TASK TO COMPLETE: Output exactly the lines of the listing below that run from the line with "每根支腿可单独设置4个不同的" through the line with "2月4日是农历立春,也是宁波". No pictures.

DATA IN THIS EXERCISE:
--- START ---

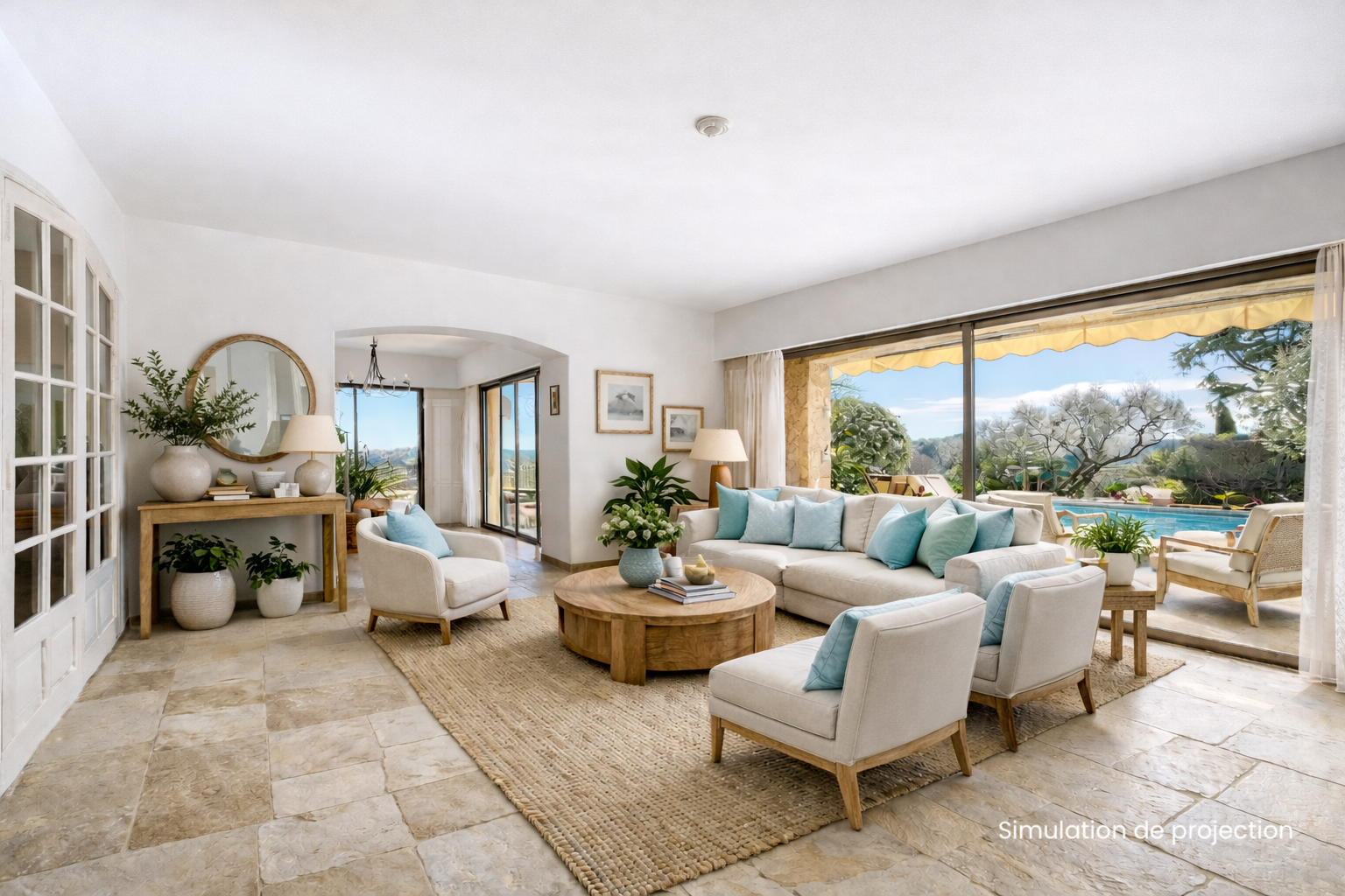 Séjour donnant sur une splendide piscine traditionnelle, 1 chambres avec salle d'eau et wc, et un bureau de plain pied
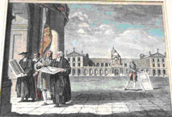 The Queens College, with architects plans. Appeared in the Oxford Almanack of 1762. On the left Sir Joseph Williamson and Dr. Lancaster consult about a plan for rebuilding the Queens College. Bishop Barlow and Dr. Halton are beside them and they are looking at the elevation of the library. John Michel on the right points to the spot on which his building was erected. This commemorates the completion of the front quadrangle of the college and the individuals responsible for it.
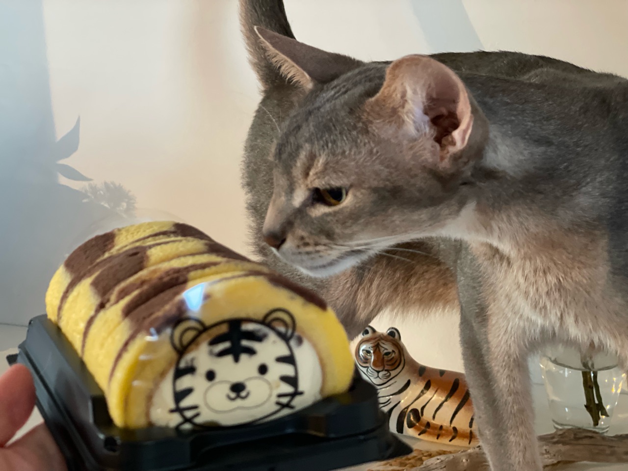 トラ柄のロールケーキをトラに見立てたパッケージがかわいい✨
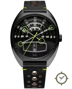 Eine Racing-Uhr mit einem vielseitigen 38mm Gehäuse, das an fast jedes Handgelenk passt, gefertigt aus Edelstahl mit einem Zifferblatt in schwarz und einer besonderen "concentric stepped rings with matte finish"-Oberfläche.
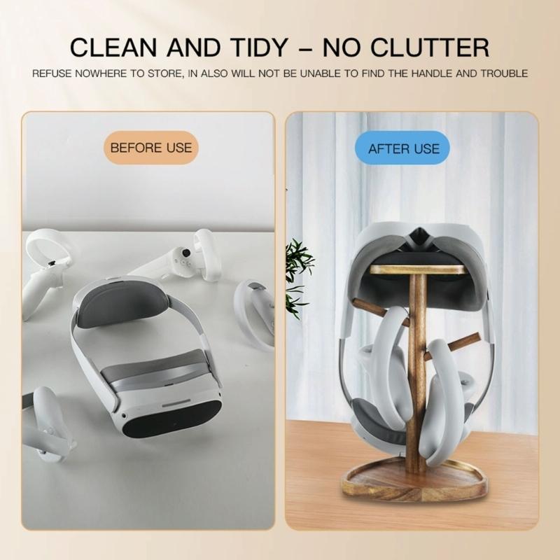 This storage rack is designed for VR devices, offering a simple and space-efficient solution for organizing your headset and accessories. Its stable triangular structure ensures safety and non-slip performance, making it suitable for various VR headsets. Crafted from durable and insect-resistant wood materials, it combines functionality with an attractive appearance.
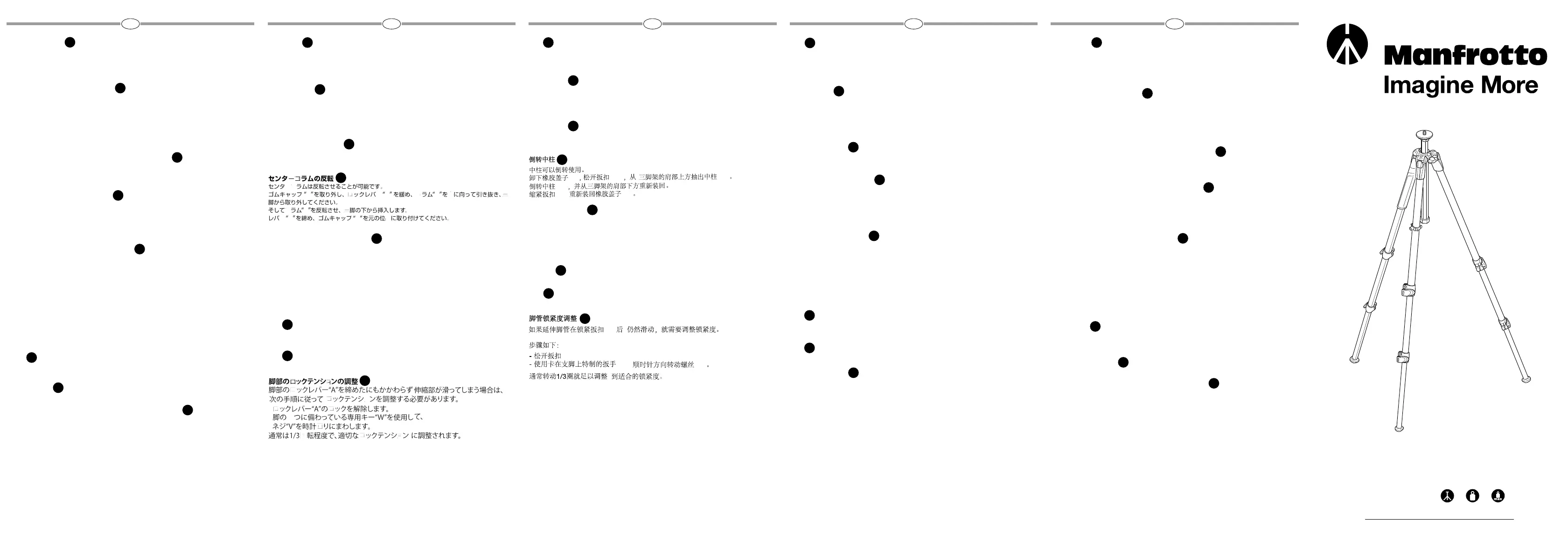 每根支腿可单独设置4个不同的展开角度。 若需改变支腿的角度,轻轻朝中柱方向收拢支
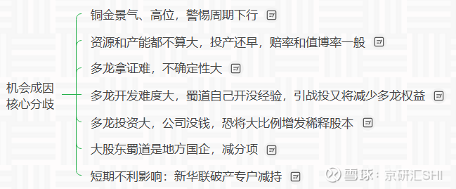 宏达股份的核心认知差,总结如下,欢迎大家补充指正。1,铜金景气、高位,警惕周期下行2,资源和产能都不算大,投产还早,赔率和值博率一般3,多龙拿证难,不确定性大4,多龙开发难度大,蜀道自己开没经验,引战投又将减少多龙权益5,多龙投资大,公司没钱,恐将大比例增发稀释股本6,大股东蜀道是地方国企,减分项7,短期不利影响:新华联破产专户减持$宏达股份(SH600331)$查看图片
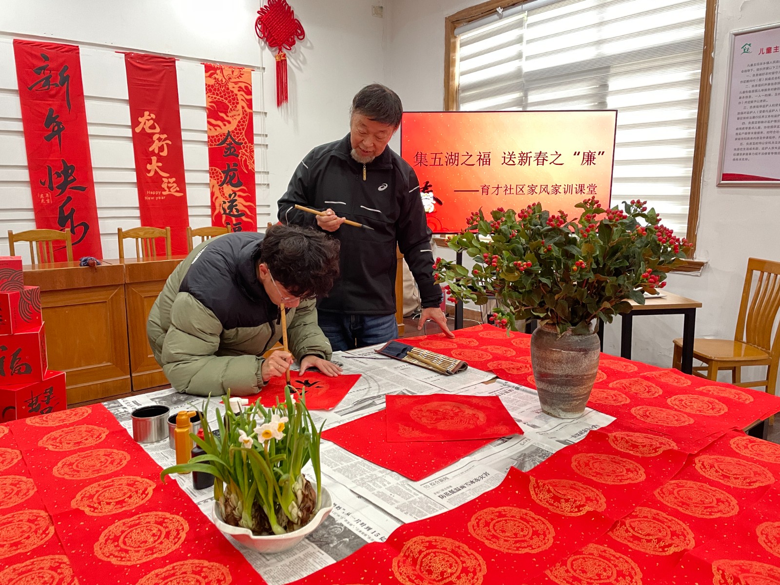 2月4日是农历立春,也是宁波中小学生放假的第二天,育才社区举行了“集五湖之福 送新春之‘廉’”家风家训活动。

--- END ---
--- START ---

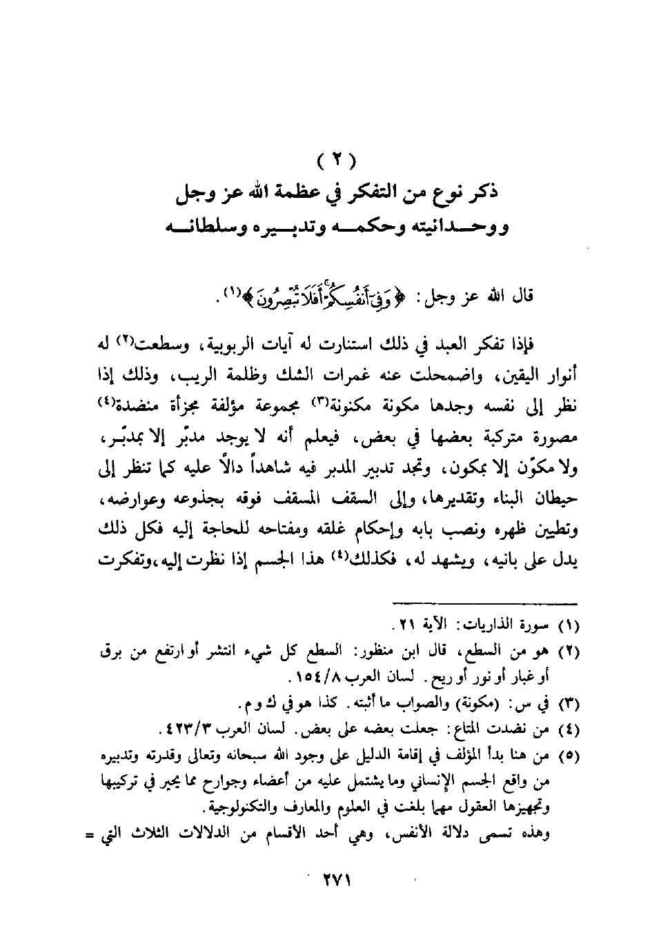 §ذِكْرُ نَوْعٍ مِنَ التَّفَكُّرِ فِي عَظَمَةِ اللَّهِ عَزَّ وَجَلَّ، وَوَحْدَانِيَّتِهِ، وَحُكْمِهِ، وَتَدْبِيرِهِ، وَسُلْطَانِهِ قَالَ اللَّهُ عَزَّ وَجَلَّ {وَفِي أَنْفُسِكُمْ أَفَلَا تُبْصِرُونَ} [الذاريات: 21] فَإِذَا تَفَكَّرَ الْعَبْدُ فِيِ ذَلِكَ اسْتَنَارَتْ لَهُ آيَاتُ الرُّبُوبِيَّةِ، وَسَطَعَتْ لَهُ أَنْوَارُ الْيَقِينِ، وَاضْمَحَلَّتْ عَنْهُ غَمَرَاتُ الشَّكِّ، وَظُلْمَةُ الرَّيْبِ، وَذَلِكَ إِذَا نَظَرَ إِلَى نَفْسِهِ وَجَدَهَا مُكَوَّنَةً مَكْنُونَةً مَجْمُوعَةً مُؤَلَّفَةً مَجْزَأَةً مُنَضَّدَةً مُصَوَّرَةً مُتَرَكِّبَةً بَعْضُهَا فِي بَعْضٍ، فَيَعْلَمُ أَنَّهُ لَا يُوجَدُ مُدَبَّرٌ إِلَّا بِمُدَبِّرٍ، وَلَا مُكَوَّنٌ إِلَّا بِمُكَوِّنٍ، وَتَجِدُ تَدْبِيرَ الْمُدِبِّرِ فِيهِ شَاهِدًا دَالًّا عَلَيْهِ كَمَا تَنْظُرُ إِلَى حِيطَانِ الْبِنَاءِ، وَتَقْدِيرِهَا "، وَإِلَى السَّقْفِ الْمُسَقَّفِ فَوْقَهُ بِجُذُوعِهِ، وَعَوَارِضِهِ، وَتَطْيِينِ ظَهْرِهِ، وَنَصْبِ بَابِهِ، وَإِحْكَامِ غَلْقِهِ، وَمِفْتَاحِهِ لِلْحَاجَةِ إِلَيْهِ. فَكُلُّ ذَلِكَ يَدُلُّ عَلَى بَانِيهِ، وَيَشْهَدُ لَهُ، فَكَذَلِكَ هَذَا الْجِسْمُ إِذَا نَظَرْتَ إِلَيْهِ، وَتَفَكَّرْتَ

--- END ---

RESULT OF THIS TASK:
 每根支腿可单独设置4个不同的展开角度。 若需改变支腿的角度,轻轻朝中柱方向收拢支
 宏达股份的核心认知差,总结如下,欢迎大家补充指正。1,铜金景气、高位,警惕周期下行2,资源和产能都不算大,投产还早,赔率和值博率一般3,多龙拿证难,不确定性大4,多龙开发难度大,蜀道自己开没经验,引战投又将减少多龙权益5,多龙投资大,公司没钱,恐将大比例增发稀释股本6,大股东蜀道是地方国企,减分项7,短期不利影响:新华联破产专户减持$宏达股份(SH600331)$查看图片
 2月4日是农历立春,也是宁波中小学生放假的第二天,育才社区举行了“集五湖之福 送新春之‘廉’”家风家训活动。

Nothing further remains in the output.